中文摘要：

为蛋白质药的非注射线路的发展，特别口头的管理，是药的控制版本的主要焦点。到例如酶降级和肠的上皮的穿入障碍未解决的克服的障碍，把微范围用作蛋白质药的搬运人的技术被证明潜在认识到口头的管理。微范围不能仅仅保护蛋白质，这被表明了，而且通过 Peyer 便于穿入和吸收“当尺寸比 10mum 小时， s 修正。因此，这篇论文的目的是与尺寸 【=10 妈妈准备装载蛋白质的微范围。当药模型和钠藻朊作为微范围材料吃了，静电的微滴产生技术与胰岛素和血红素被使用。由减少表面紧张由增加表面活化剂，并且由为冻结答案改变容器和电极的形状改进电场分发喂答案，有平均数的装载蛋白质的微范围缩放更少的 than10 妈妈成功地与 400 妈妈的直径通过针被生产。微范围显示出好球状和狭窄的尺寸分发。尺寸分发 was1.61 的吝啬的标准变化。蛋白质的封装效率是超过 70% 。而且，影响蛋白质的尺寸的因素的意义分析装载了微范围通过直角的实验被执行，它显示出在针尖端之间的那产量电压(U) ，针直径(D) 和距离到显著地影响的冻结答案(三角洲) 的表面微范围的尺寸。最后，统计分析看了那什么时候信心水平，是 alpha=0.05 ，和 alpha=0.1 ，微范围尺寸的信心间隔能是( 6.2545,10.1735 )并且( 6.6022 ， 9.8258 )相应地，建议为改进静电的微滴产生技术与尺寸【= 10mum 准备装载蛋白质的微范围有好重覆性和可靠性。

英文摘要：

The development of non-injection route for protein drugs, especially oral administration, has been the main focus of controlled release of drugs. To overcome obstacles unsolved such as enzyme degradation and penetration barrier of intestinal epithelium, technologies using microspheres as carrier of protein drugs have been proven potential to realize oral administration. It has been demonstrated that microspheres can not only protect proteins, but also facilitate the penetration and absorption through Peyer＇s patches when the size is smaller than 10 μm. Therefore, the objective of this paper is to prepare protein-loaded microspheres with size ≤ 10 μm. Electrostatic droplet generation technology was used with insulin and hemoglobin as drug models and sodium alginate as microsphere material. By decreasing the surface tension of feed solution by adding surfactant, and improving electric field distribution by changing the shape of container and electrode for gelation solution, protein-loaded microspheres with mean size less than 10 μm were successfully produced through needle with diameter of 400 μm. The microspheres showed good sphericity and narrow size distribution. The mean standard variance of size distribution was 1.61. The encapsulation efficiency of proteins was over 70%. Moreover, the significance analysis of factors influencing the size of protein loaded microspheres was carried out through orthogonal experiments, which showed that output voltage （U）, needle diameter （D） and the distance between needle tips to the surface of gelation solution （8） influenced significantly the size of microspheres.
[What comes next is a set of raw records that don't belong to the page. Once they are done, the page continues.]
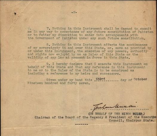 After the partition of British India in 1947, Khairpur signed a Standstill Agreement with Pakistan, affirming cooperation while retaining limited autonomy. However, in line with Pakistan’s One Unit Scheme, the state was officially merged into Pakistan on October 3, 1955. Today, Khairpur is celebrated for its historic forts, Sufi shrines, educational institutions like Shah Abdul Latif University, and its unique contribution to Sindh's cultural heritage.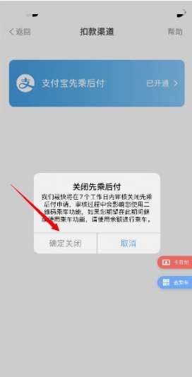 3、进入扣款渠道页面,点击"支付宝先乘后付"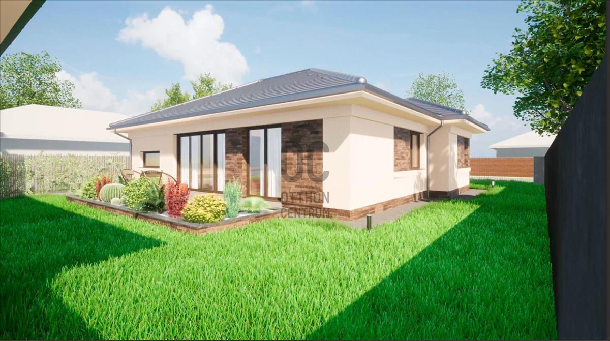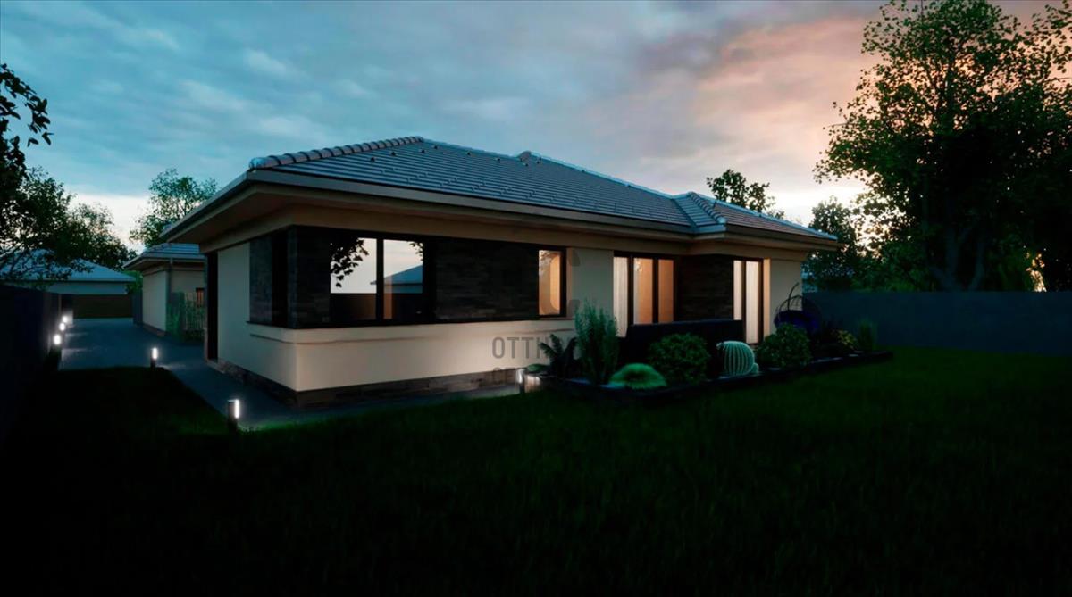 Kelyiségei : konyha - étkező - nappali, 3 szoba, fürdő, háztartási helyiség, garázs, terasz, wc
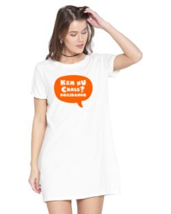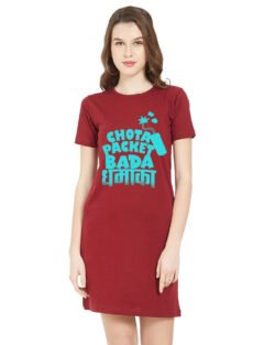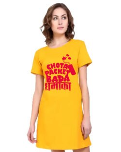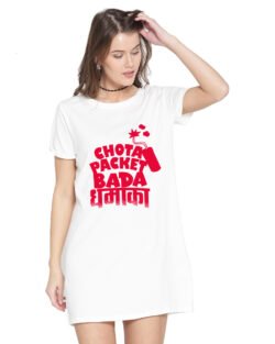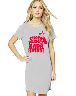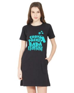 Caseria Women’s Cotton Biowash Graphic Printed T-Shirt Dress with side pockets – Chota Packet Bada Dhamaka
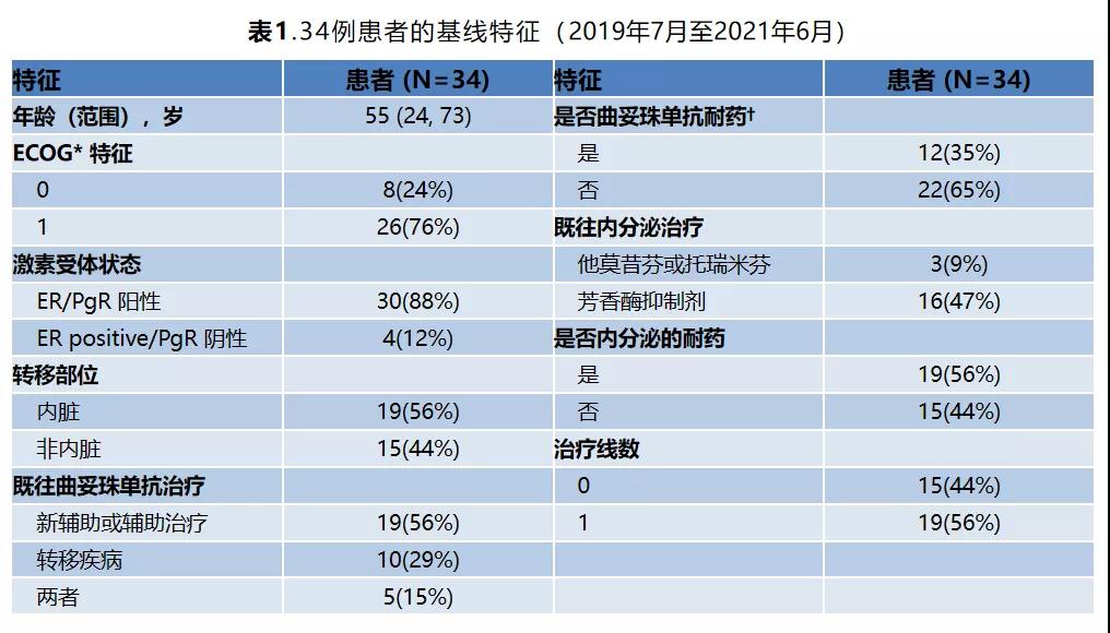 如表1所示,在入组的34例患者中,平均年龄为55岁,大部分(88%)患者为三阳性(ER+/PR+/HER2+);有19例(56%)患者存在内脏转移疾病;有24例(71%)患者在(新)辅助治疗阶段使用过曲妥珠单抗;12例(35%)患者为曲妥珠单抗耐药;16例(47%)患者使用过AI,19例(56%)患者为内分泌耐药。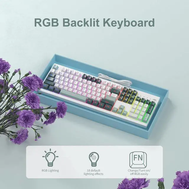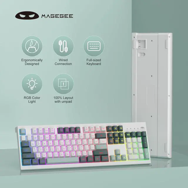 RGB Lighting Keyboard and Mouse ComboMageGee blue white keyboard with cool RGB lighting. Double Injection Keycap provide crystal clear uniform backlight and ergonomic curves, more advanced technology, clearer fonts and better light transmission. The bottom of the keyboard is designed with a foldable bracket, choose the height you need!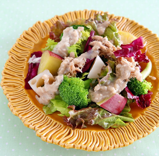 1人分90キロカロリー、塩分0.6グラム(1)2人分でサニーレタス40グラム、トレビス20グラム、レンコンとサツマ芋、ブロッコリー各40グラム、ノンオイルのツナ缶1/2個、ニンニク20グラム、牛乳40cc、アンチョビーペースト5グラムを用意します。(2)レタスとトレビスはちぎって水に漬けます。レンコンは乱切り、サツマ芋は皮付きで乱切りにしてそれぞれ水にさらし、水気を切ります。ブロッコリーは花蕾(か...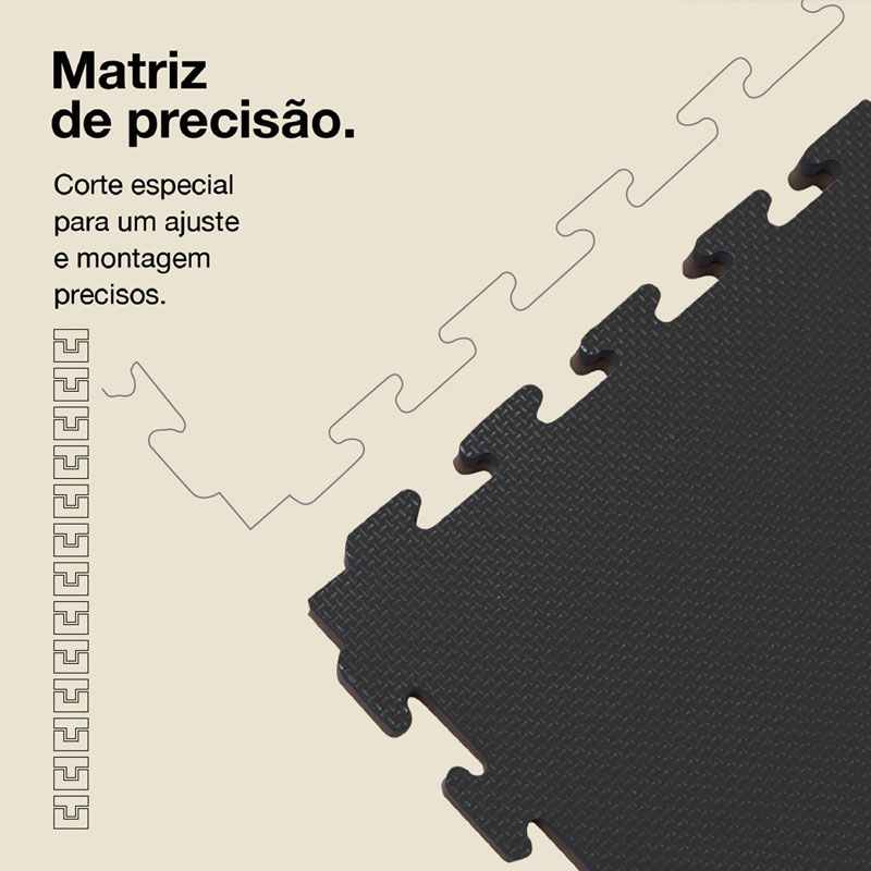 O Tatami Puzzle com 2,5 cm de espessura é adequado para karaté, taekwondo, boxe, kickboxing, full contact, dança, fitkid, ginástica, fitness, ioga, pilates, exercícios no chão. Também pode ser utilizado como elemento de proteção do chão em ginásios, parques infantis, casas, garagens, etc.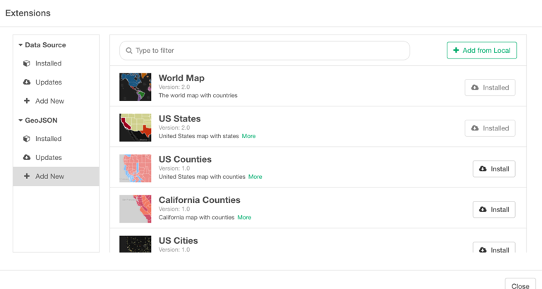 Extend Exploratory with your favorite R packages or your own R functions for your data analysis, your GeoJSON for spatial data visualization, your color palettes for data visualization, and your own data sources. Oh, have we mentioned you can interact with data in a command line mode as well?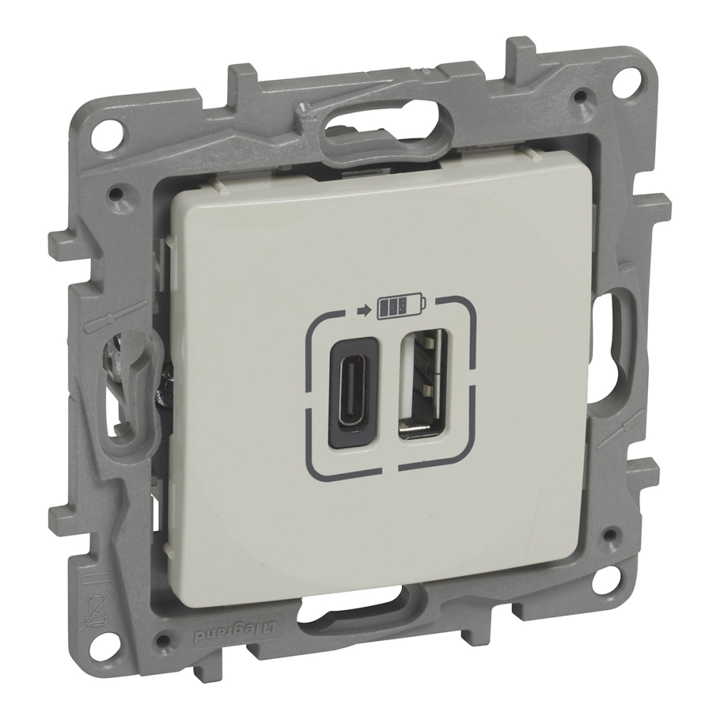 Legrand Niloé kettős USB-A+C töltőaljzat-3 A-15 W, bézs - 764697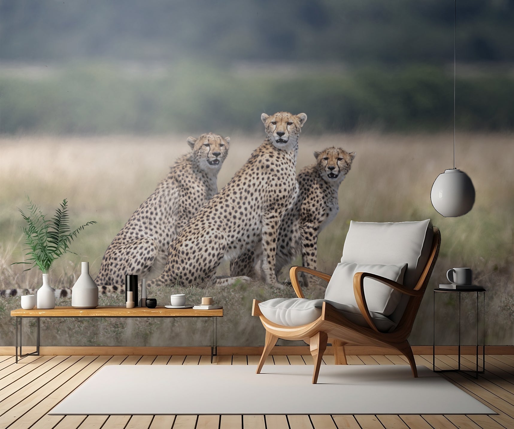 "Attention, please!"-tapeten har en perfekt balans mellan djur och natur. Den ger en sann känsla av att vara en del av vildmarken, och låter dig utforska den fantastiska skönheten hos de majestätiska geparderna. Varje detalj är noga utformad för att fånga din uppmärksamhet och skapa en atmosfär av djurliv och frihet.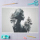 "Ethereal Echoes" Dieses digitale Kunstwerk zeigt die überbelichtete Silhouette eines Frauenprofils, nahtlos in eine ruhige Waldszene integriert. Die Komposition schafft eine ätherische Atmosphäre und verwischt die Grenzen zwischen der Menschheit und der natürlichen Welt. Die komplexen Muster innerhalb der Silhouette, die möglicherweise Blume oder Himmelskörper repräsentieren, heben die harmonische Verbindung zwischen Mensch und Umwelt hervor. Das Bild besticht durch seine Mischung aus menschlicher Form und dem friedlichen Wesen der Natur und bietet eine visuelle Erkundung der intimen Verbindung, die wir mit der Welt um uns herum teilen.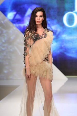 Laura Olteanu a prezentat colectia "Nude". Elementele caracteristice stilului sau nu lipsesc nici de aceasta data: extravaganta si stralucirea. Insa croiala nu pare sa avantajeze nici un tip de silueta. Volumele nu sunt bine definite si rochia pare neterminata.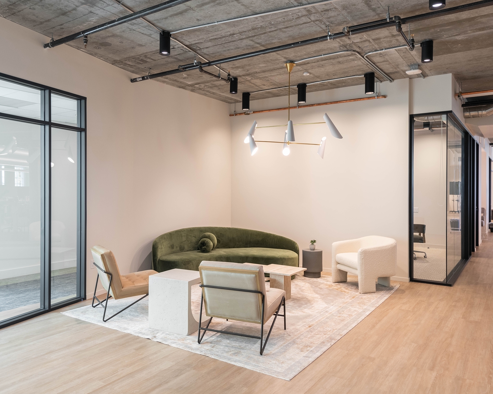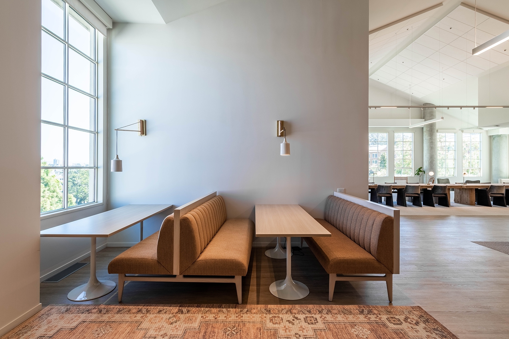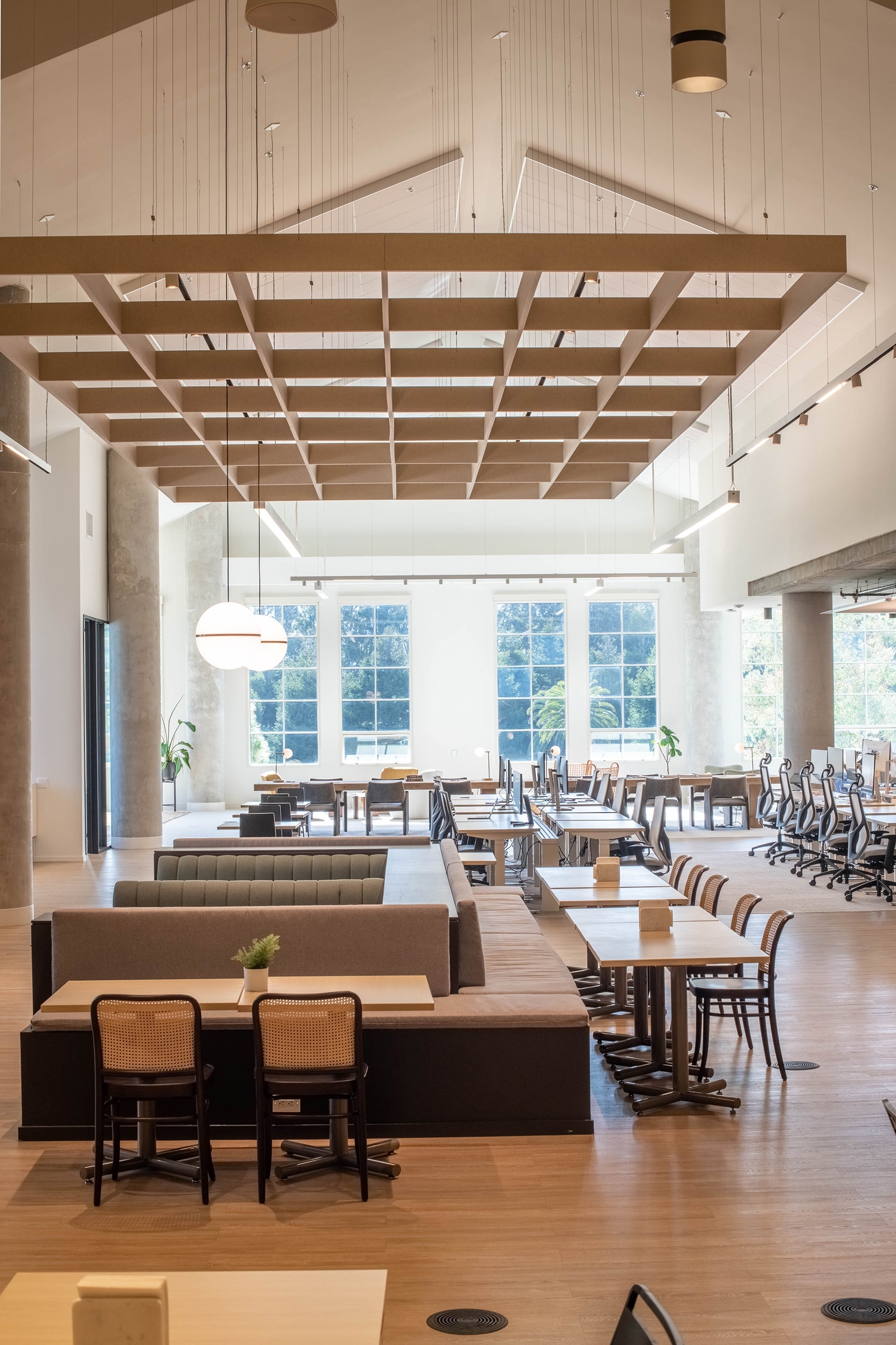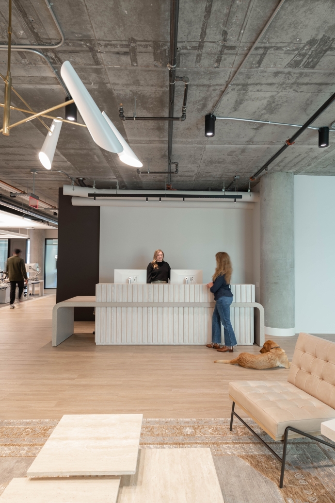 Within an aggressive timeframe, Pandemic-schedule setbacks, and a cost-conscious start-up budget, the designers delivered a workspace that is bright, open, and the perfect backdrop for Column’s work intensive culture. Soft curves within the furniture and lighting add comfort and style. A bright, earthy palette compliments the cypress trees outside, as seen from the 10-foot-tall windows. Welcoming breakout areas flow through and around the work area.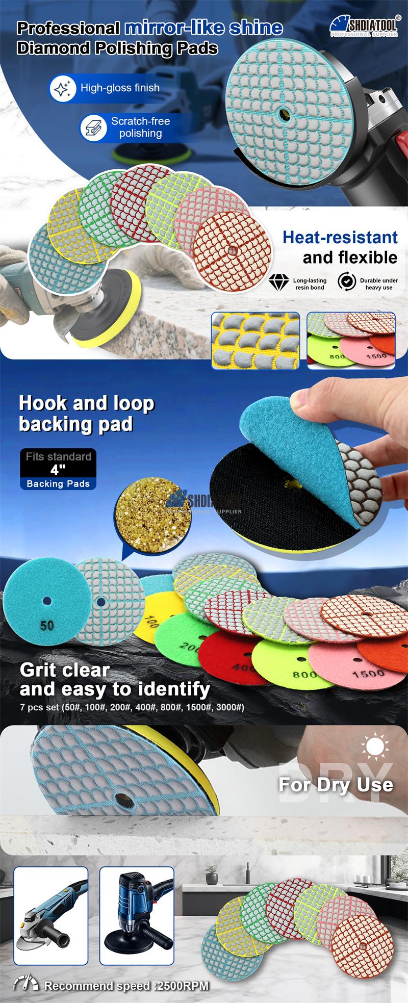 【HIGH PERFORMANCE】:These polishing pads are made of high quality diamond and resin. Fast grinding force, good flexibility,wear-resistance, high polishing efficiency and long service life;
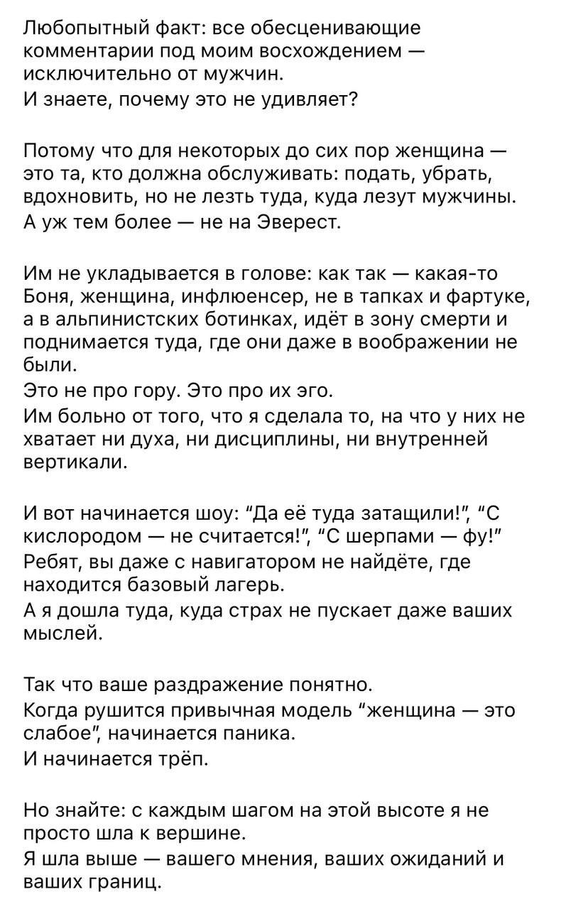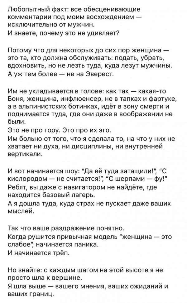 Виктория Боня продолжает издеваться над собой тестировать возможности своего организма. От ретритов по Южной Америке с употреблением галлюциногенов телеведущая перешла к покорению горных вершин. 19 мая она взошла на Эверест, о чём гордо возвестила в своих соцсетях.Боня на протяжении всего пути к вершине публиковала в соцсетях увлекательные видео, снимая и днём, и ночью.Ей своими глазами довелось увидеть тех, кто навсегда остался у вершины, пережить непогоду, кислородное голодание и прочие лишения.И вот, наконец, она на вершине Эвереста. Однако вот незадача - российские СМИ весьма прохладно оценили это достижение. Большинство изданий его просто не заметило. Также как спортивные альпинистские клубы, которые не поздравили Викторию с восхождением. Более того, в постах, где она публиковала фото с Эвереста, комментаторы-мужчины подшучивали и подсмеивались над телеведущей.Это типичная ситуация обесценивания, считает Виктория, очень распространена в российском обществе. У хейтеров не укладывается в голове: какая-то Боня, женщина и инфлюэнсер, не стоит на кухне с тряпкой в руках, а лезет в горы. Многие мужчины даже в воображении туда не поднимались, уверена Боня, а она смогла в реальности взойти на высочайшую вершину мира.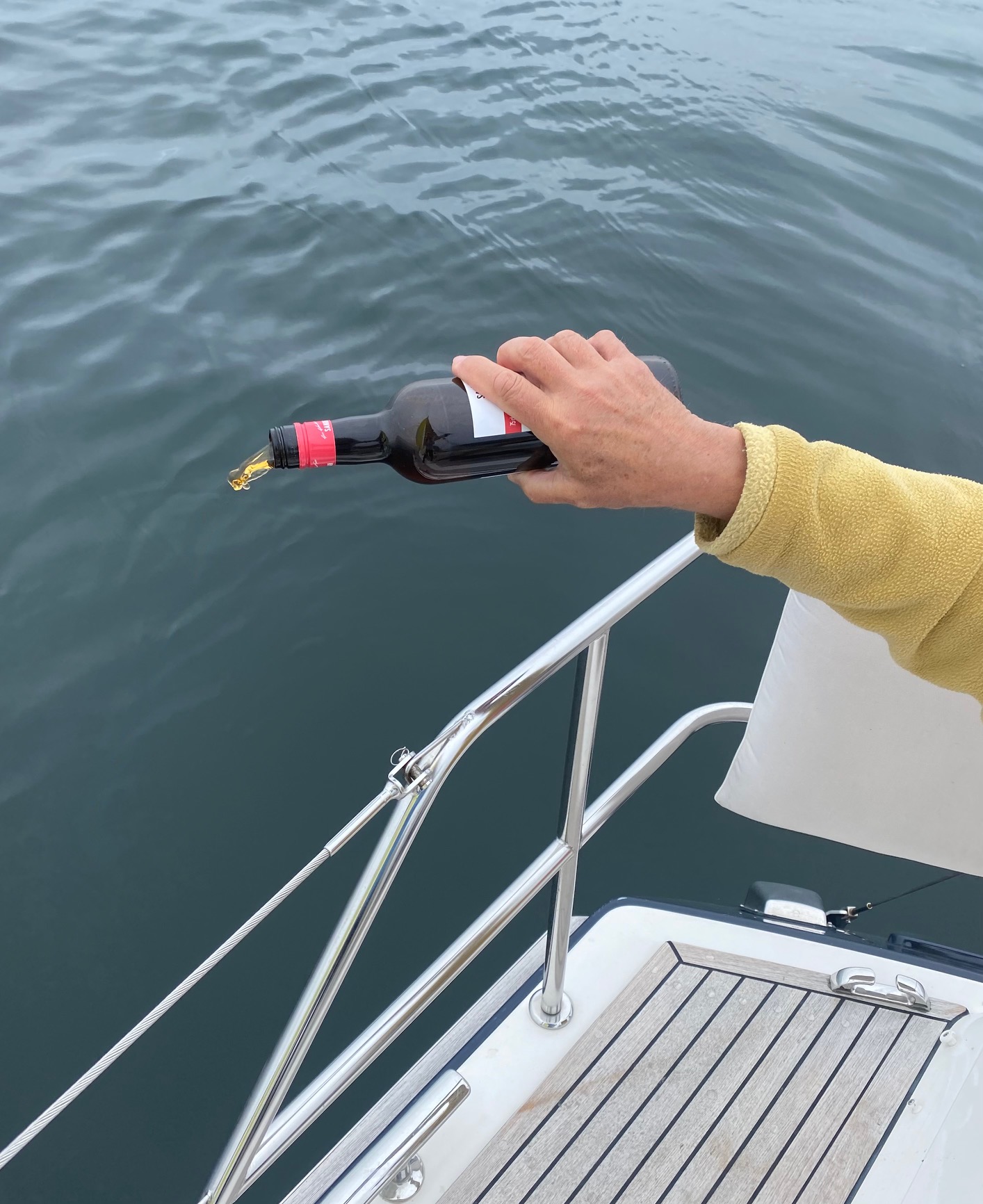 Wir nehmen uns vor zu der kleinen Insel Strynö zu segeln. Am Anfang geht es aber gar nicht voran: 1-3 Knoten bedeuten eine ETA von 23.00h. Geht gar nicht. Ute hat aber die Rettung, wir haben den Göttern von Wind und Meer „Rasmus“ und „Neptun“ noch gar kein Opfer gebracht. Also bekommet jeder ein Schluck Sherry! Der Skipper darf natürlich auch nicht zu kurz kommen. Keine zwei Minuten später brist der Wind auf und wir kommen gut voran. Von wegen Aberglaube.

Finally, the statistic analysis showed that when confidence level was α=0.05, and α=0.1, confidence interval of microsphere size can be （6.2545, 10.1735） and （6.6022, 9.8258） correspondingly, suggesting that there is good repeatability and reliability for improving electrostatic droplet generation technology to prepare protein-loaded microspheres with size ≤ 10 μm.